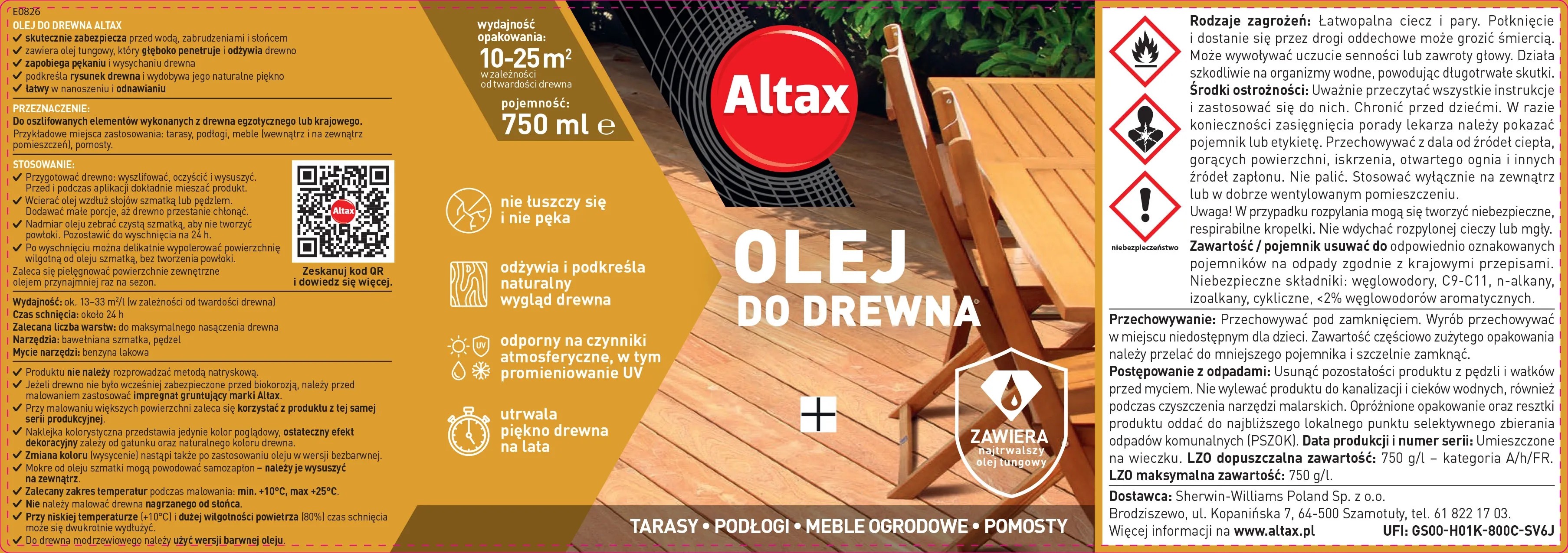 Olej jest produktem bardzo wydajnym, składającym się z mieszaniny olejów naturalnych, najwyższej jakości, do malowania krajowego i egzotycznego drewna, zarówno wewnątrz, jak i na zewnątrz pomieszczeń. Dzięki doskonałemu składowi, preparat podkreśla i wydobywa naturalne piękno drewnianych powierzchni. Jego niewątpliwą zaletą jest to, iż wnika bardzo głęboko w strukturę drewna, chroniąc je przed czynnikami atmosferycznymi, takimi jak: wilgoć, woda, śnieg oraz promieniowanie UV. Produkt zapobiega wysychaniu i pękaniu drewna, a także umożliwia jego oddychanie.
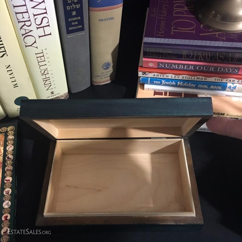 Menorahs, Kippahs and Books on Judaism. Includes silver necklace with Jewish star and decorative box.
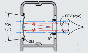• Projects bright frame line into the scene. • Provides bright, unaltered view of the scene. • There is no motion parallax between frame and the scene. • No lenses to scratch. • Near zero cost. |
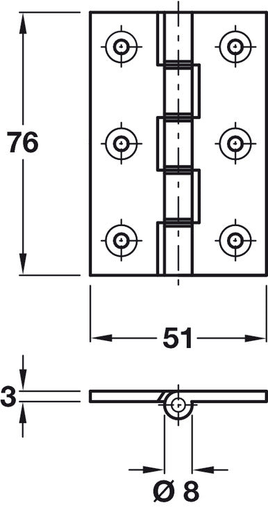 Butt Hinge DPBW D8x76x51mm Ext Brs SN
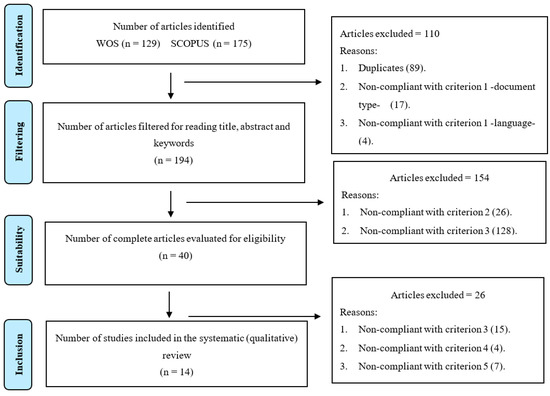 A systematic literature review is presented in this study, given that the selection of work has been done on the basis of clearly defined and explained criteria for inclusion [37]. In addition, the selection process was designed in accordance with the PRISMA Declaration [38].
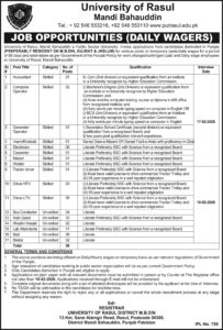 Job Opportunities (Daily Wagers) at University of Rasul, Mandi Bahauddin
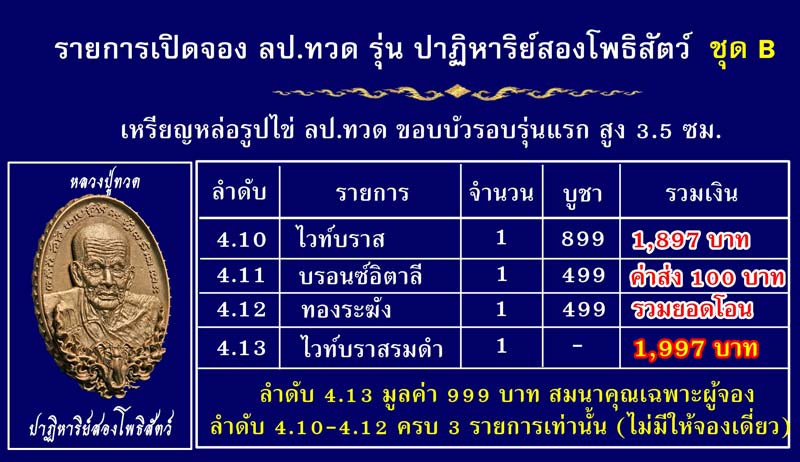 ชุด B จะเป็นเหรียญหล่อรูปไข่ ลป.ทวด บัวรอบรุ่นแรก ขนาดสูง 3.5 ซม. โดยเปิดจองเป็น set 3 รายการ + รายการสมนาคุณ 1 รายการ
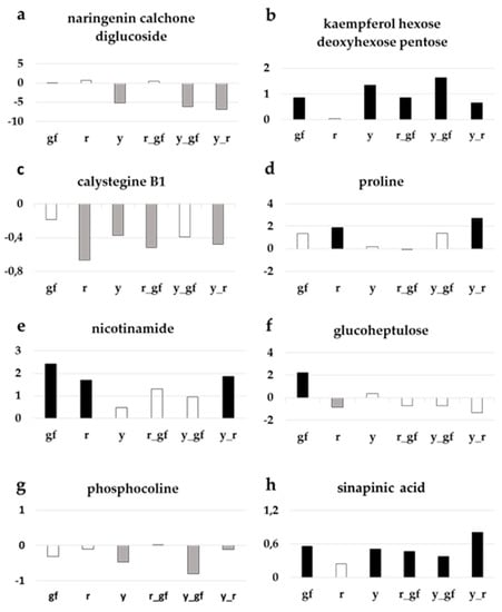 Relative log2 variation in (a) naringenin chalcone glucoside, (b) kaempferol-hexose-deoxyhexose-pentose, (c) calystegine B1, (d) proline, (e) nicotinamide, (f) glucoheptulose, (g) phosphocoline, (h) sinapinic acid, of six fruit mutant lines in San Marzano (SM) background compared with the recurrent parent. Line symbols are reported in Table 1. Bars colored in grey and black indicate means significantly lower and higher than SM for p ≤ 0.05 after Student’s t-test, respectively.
━━━━━━━━━━━━━━━━━━━━━━━━━━━━━━
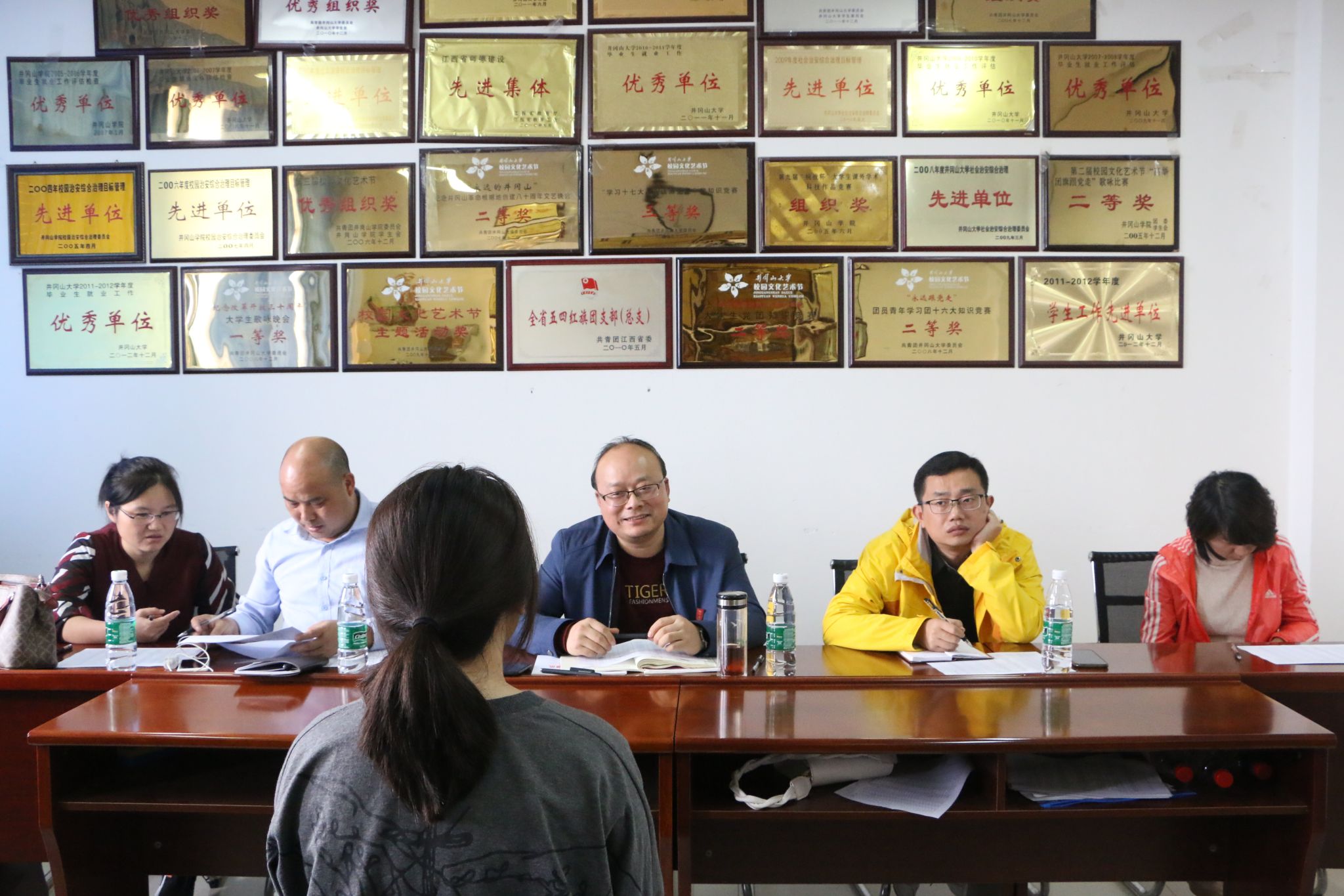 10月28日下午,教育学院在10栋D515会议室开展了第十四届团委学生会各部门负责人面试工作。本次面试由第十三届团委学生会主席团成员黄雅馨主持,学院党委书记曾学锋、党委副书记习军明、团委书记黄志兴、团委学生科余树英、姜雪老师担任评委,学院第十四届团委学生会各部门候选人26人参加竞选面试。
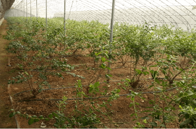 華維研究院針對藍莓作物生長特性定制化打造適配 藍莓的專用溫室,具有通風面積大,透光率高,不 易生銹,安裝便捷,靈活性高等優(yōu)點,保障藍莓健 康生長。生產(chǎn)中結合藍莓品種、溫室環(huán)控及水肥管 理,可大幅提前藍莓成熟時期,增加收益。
━━━━━━━━━━━━━━━━━━━━━━━━━━━━━━
**Task description:** Copy only these lines from the records above, exactly: the one with "zero cost. |", the one with "Butt Hinge DPBW D8x76x51mm Ext Brs SN", and those between. Skip the pictures.

**Solution for this problem:**
• Projects bright frame line into the scene. • Provides bright, unaltered view of the scene. • There is no motion parallax between frame and the scene. • No lenses to scratch. • Near zero cost. |
 Butt Hinge DPBW D8x76x51mm Ext Brs SN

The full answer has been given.